その後、意識して軽く磨くと、痛みは数日で引いた。前後して歯の表面のツルツル感を舌先で感じるようになり、歯磨きが楽しくなってくる。フロスや歯間ブラシには戸惑ったが、慣れるしかない。2、3日すると少しうまく使えるようになった。「慣れるとはまる」と実感した。
ある程度、手応えを得たところで自分でできる歯磨きチェックをした。染色剤を使い、磨き残し部分を色で確かめる。“正しい歯磨き”に挑戦し始めて9日。開始前と比べると、染まった部分は明らかに減った。意を強くして翌日に再度、立花先生を訪ねた。
歯垢や歯石があると、歯と歯ぐきの境目にできる「歯周ポケット」が深くなる。ただ、歯磨きによってある程度改善が見込める。今回、10日間を経たポケットの深さを測り、挑戦前と比べて効果を確かめた。
1日1回は15分以上磨いて
結果は別表の通り。正常値の範囲(1~2ミリ)以上に深かったポケットはほとんどが1ミリ以上浅くなった。
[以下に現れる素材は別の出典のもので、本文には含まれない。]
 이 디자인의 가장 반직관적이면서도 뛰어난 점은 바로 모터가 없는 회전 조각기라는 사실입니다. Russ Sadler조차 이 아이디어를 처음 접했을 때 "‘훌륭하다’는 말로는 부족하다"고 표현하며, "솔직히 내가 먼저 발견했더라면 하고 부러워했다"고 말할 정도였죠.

左下の歯ぐきに埋まった親知らずの手前の奥歯は8ミリが6ミリに。「これなら合格点が出せます」
立花先生は「少なくとも毎食後の歯磨きのうち1回は、15分以上かけて隅々まで磨いてほしい」という。歯磨き剤を付けた歯ブラシでざっと口内を1周、というのがこれまでの自己流。思い起こすと冷や汗がにじむ。
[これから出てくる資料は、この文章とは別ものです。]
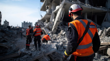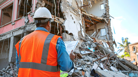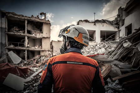 Rescue worker wearing safety vest and helmet is assessing damage on destroyed building after earthquake, facing difficult aftermath of natural disaster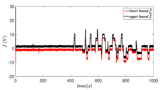 Figure 10 shows the evolution of the estimated bounds for the input fault, which corresponds to change in the the voltage of the motor power supply. The limits are kept at a value centered around zero in the absence of fault and change their value when the fault is present.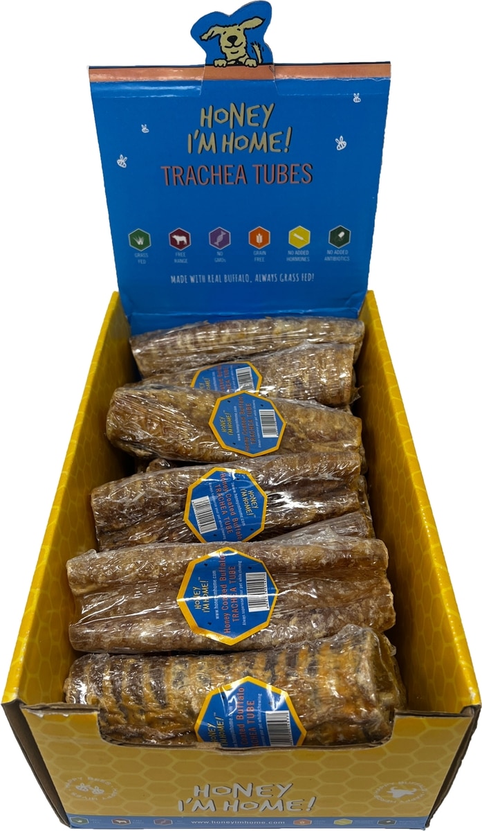 Honey I'm Home! Trachea Tubes Natural Honey Coated Buffalo Chews Grain-Free Dog Treats, 20 count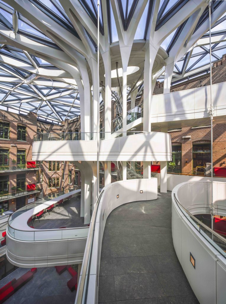 Om oud en nieuw met elkaar te verbinden, is de voormalige binnenplaats tussen de gebouwen naar ontwerp van MVSA overkapt en getransformeerd tot een atrium waar je even stil van wordt, zo mooi. Ana Carmen Gutiérrez Narvarte, architect bij MVSA: “We zochten naar een groot element dat de gebouwen kon verbinden, zonder daarbij de historische gevels aan te tasten. We hebben gekozen voor deze boomvorm, omdat die verwijst naar groei en kennis.” De staalconstructie van de overkapping heeft een structuur geïnspireerd door de nerven van een blad, met in het midden een sculpturale trap, de ‘Tree of Knowledge’. Deze is ook toegankelijk voor rolstoelgebruikers, en leidt van het drukke atrium naar de rustiger studieruimtes op de bovengelegen verdiepingen. Het atrium vormt het hart van de bibliotheek en fungeert tegelijkertijd als een klimaatbuffer, waarbij de glazen overkapping zorgt isolatie en voor regenwateropvang en -afvoer.

10日間の実績をみて、歯垢を落とす意味を再確認した。歯周病予防はこれからが本番だ。忘れずにまた来年、指導を受けようと誓った。
記者のつぶやき
「しっかり磨き」を続けると口内がさらさらサッパリし、磨かずにいられなくなる。こうなれば歯磨き指導は成功も同然。気づけば歯ブラシや歯間ブラシに凝りそうな自分がいた。80歳まで20本の歯を保つ「8020」運動が盛んだが、実際、歯が丈夫なら老後も楽しかろう。もっとも歯磨きで鏡の中の自分と毎度向き合うことに嫌気が差さなければの話だが……。
(天野賢一)
20代でも8割が歯周病 ポケット内の歯垢残さない
歯周病は歯肉炎と歯周炎に大きく分かれる。歯垢の中にあるブドウ球菌、双球菌などの細菌によって歯ぐきに炎症が起きたのが歯肉炎。症状が進み、歯ぐき、歯槽骨や歯根膜まで炎症が広がったのが歯周炎だ。歯周炎が進むと歯槽骨がなくなり、歯はぐらつき、抜け落ちる。
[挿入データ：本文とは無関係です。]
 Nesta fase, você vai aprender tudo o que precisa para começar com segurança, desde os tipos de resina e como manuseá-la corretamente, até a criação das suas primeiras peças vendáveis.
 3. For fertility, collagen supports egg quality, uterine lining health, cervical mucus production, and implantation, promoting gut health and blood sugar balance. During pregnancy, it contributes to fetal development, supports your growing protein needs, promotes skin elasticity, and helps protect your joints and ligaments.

健康な歯の歯周ポケットは1~2ミリ程度と浅い。そこに入り込んだ歯垢を残したままにすると歯周病が進み、ポケットは深く、さらに歯垢がたまりやすくなる。最近の調査では20代の8割が歯周病を患い、小学生でも4~5割は軽度の歯肉炎を中心とした歯周病という。
歯の表面の歯垢は野菜をかじることなどでも取れるが、ポケット内部の歯垢や歯石は歯科でないとなかなか取れない。